Tradição e arte dos ovos de Páscoa na Romênia.
Nem todo mundo sabe, mas a Páscoa das Igrejas Cristãs Ortodoxas é comemorada em dia diferente ao das Igrejas Cristãs Ocidentais. Esse desencontro se dá em razão do calendário observado. Enquanto a Igreja Católica e demais igrejas desse lado do mundo seguem o Gregoriano, os Ortodoxos se guiam pelo Juliano.
Em relação à divergência das datas, explico, com mais detalhes, no texto sobre o Natal na Romênia e também ao contar a respeito da minha primeira Páscoa Ortodoxa.
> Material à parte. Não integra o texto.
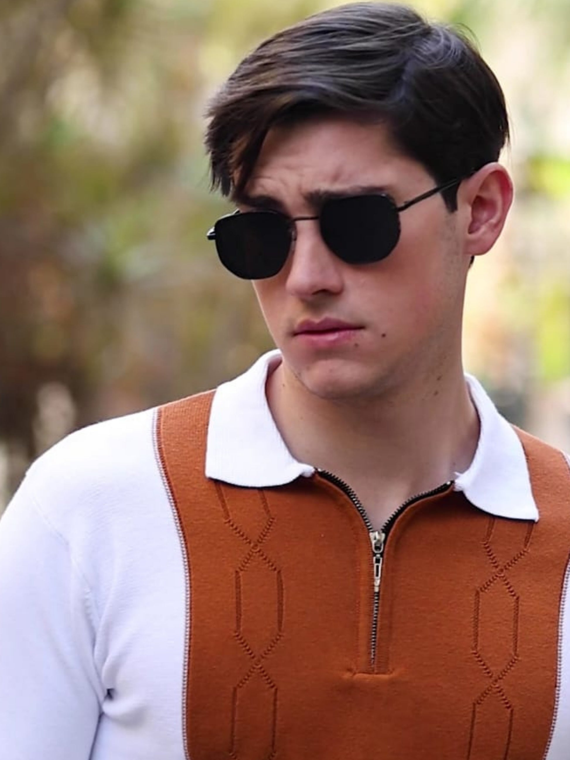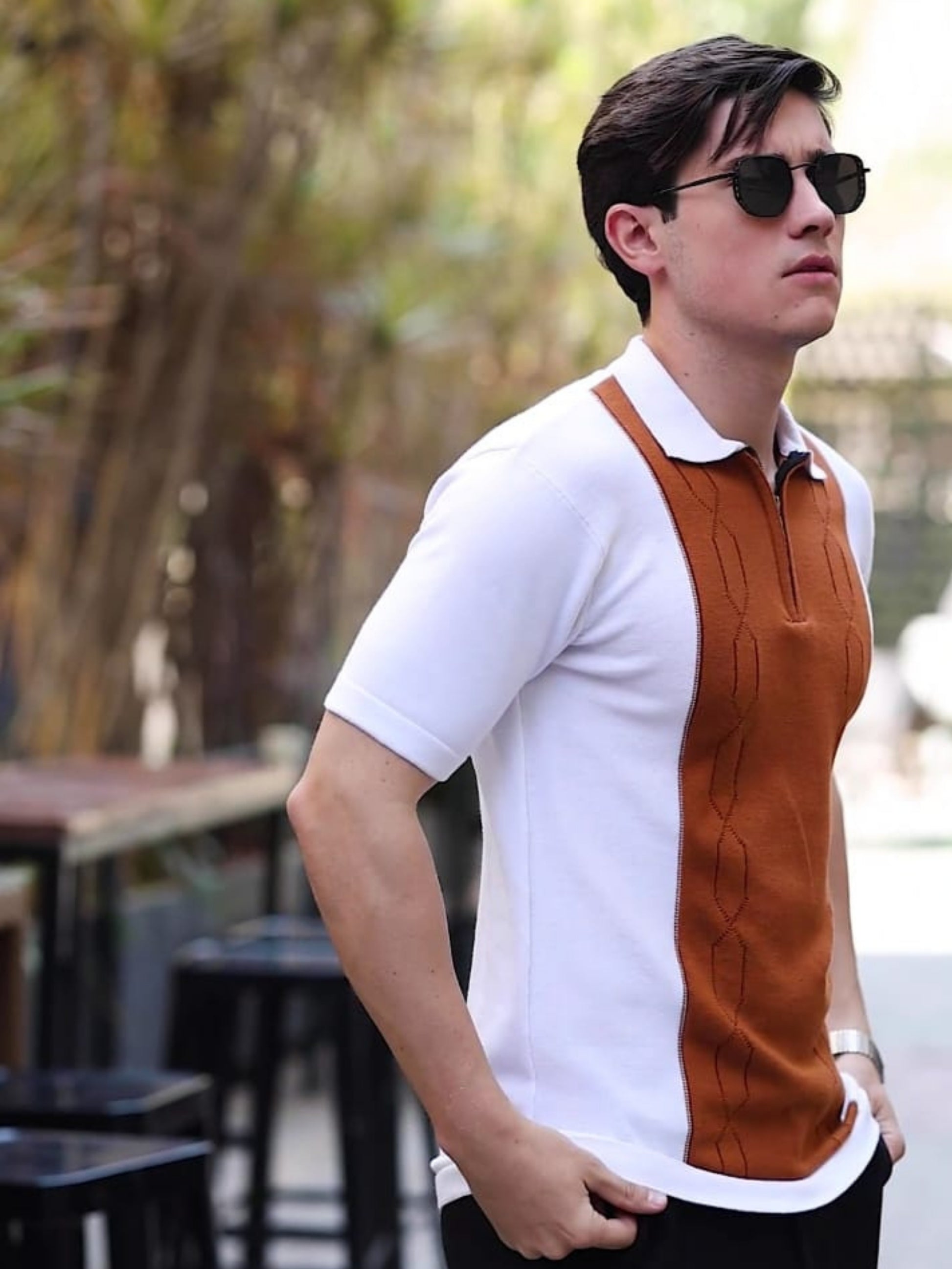 Ribbed Design Zipper Polo T-Shirt- Brown
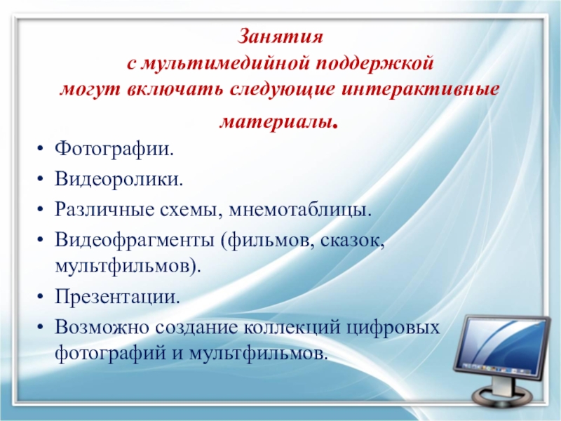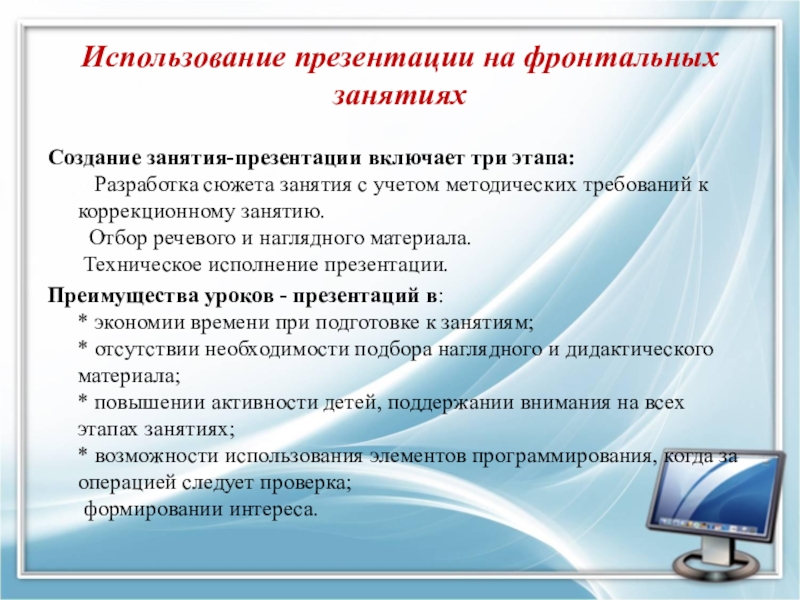 Важно методически правильно проводить занятия, следить, чтобы ребёнок не просто смотрел и слушал, а и сопровождал речью демонстрируемые слайды, свои действия, контролировал правильное произношение и т.д.
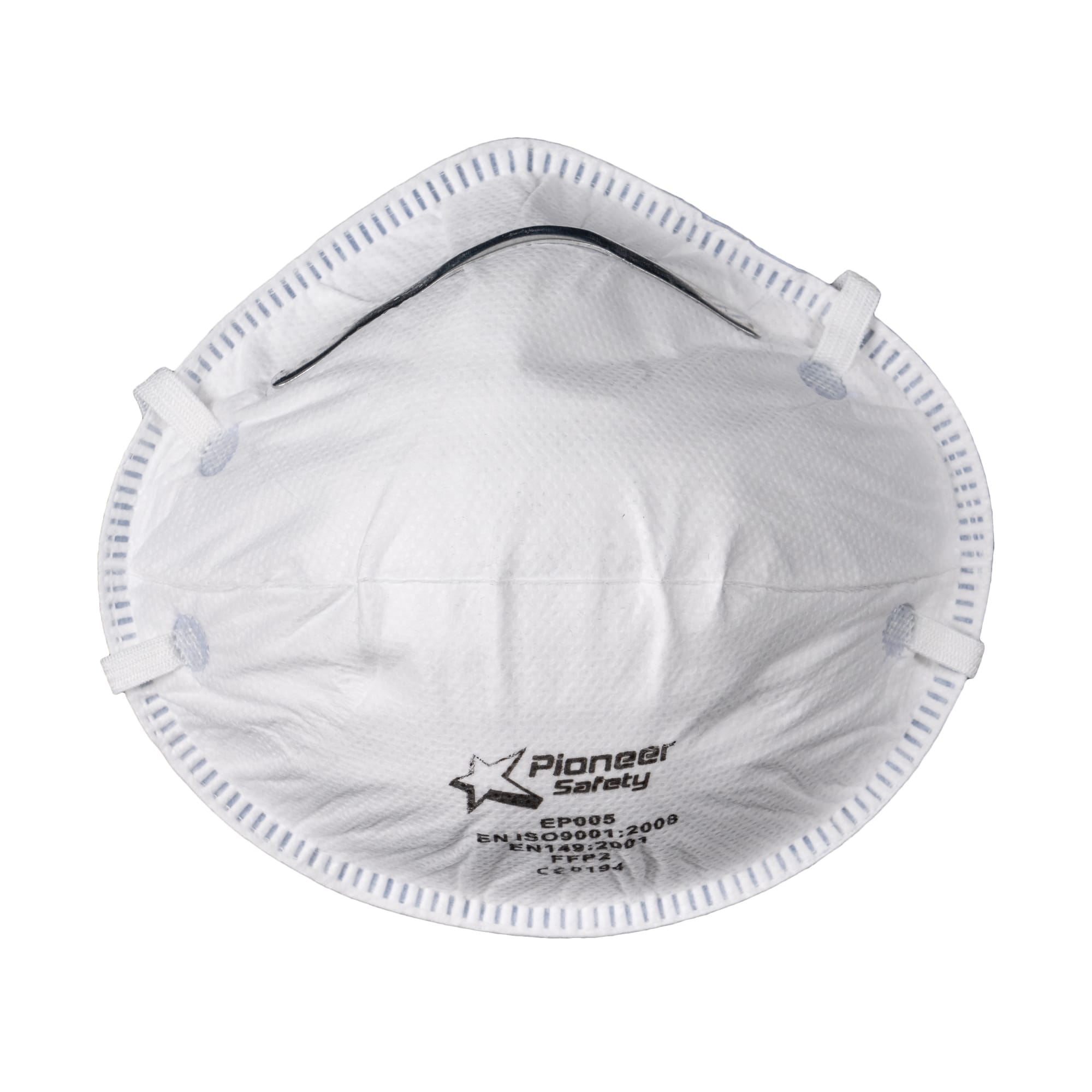 The mask includes an adjustable aluminium nose clip with foam backing for a snug, leak-resistant seal, and elastic straps that ensure a secure fit. Certified to EN 149:2001 and recognized under NRCS approval guidelines, it meets industrial safety standards for filtering efficiency and reliability. Sold in boxes of 20, the PIONEER FFP2 Dust Mask delivers both dependable protection and operational convenience.

Feito esse esclarecimento, vamos ao que interessa, no caso, os ovos de Páscoa pintados à mão. Pequenas obras de arte artesanalmente preparadas, os ovos são oferecidos como presentes, carregando o simbolismo Cristão da Ressurreição que tão bem se integra à ideia da renovação de vida trazida pela esperada primavera dos países verdadeiramente frios. E o que melhor do que um ovo para representar essas concepções do renascer?
Nessa época do ano, eles estão por toda a parte e são tão bonitos e delicados que decidi saber como eram feitos. Hoje, conto o que aprendi no “Atelier de confecção de ovos de Páscoa romenos”, oferecido pelo Muzeul Național al Ţăranului Român, o Museu Nacional do Camponês Romeno, sob as ordens da Doamna (senhora) Ileana Hotopilă, uma das artesãs mais versadas em sua arte em todo o país.
Doamna Ileana
A Sr. Ileana tem 56 anos e começou a pintar os ovos aos 10, ensinada por uma tia que, por sua vez, aprendeu com a mãe e assim por diante, numa tradição secular passada de geração em geração e já retransmitida a alguns dos 14 filhos da nossa mestra.
Chegando ao atelier, sentei-me à mesa montada para a oficina, juntamente com as minhas “colegas de classe” e fomos a ela apresentada. Com voz calma e pausada, foi nos explicando como utilizar o material requerido durante a pintura, levando-nos, em seguida, a uma outra mesa, onde estavam expostos vários dos ovos pintados por ela. Lindos! A ideia era pegar um modelo pra usar de inspiração na hora de cada uma criar o seu padrão.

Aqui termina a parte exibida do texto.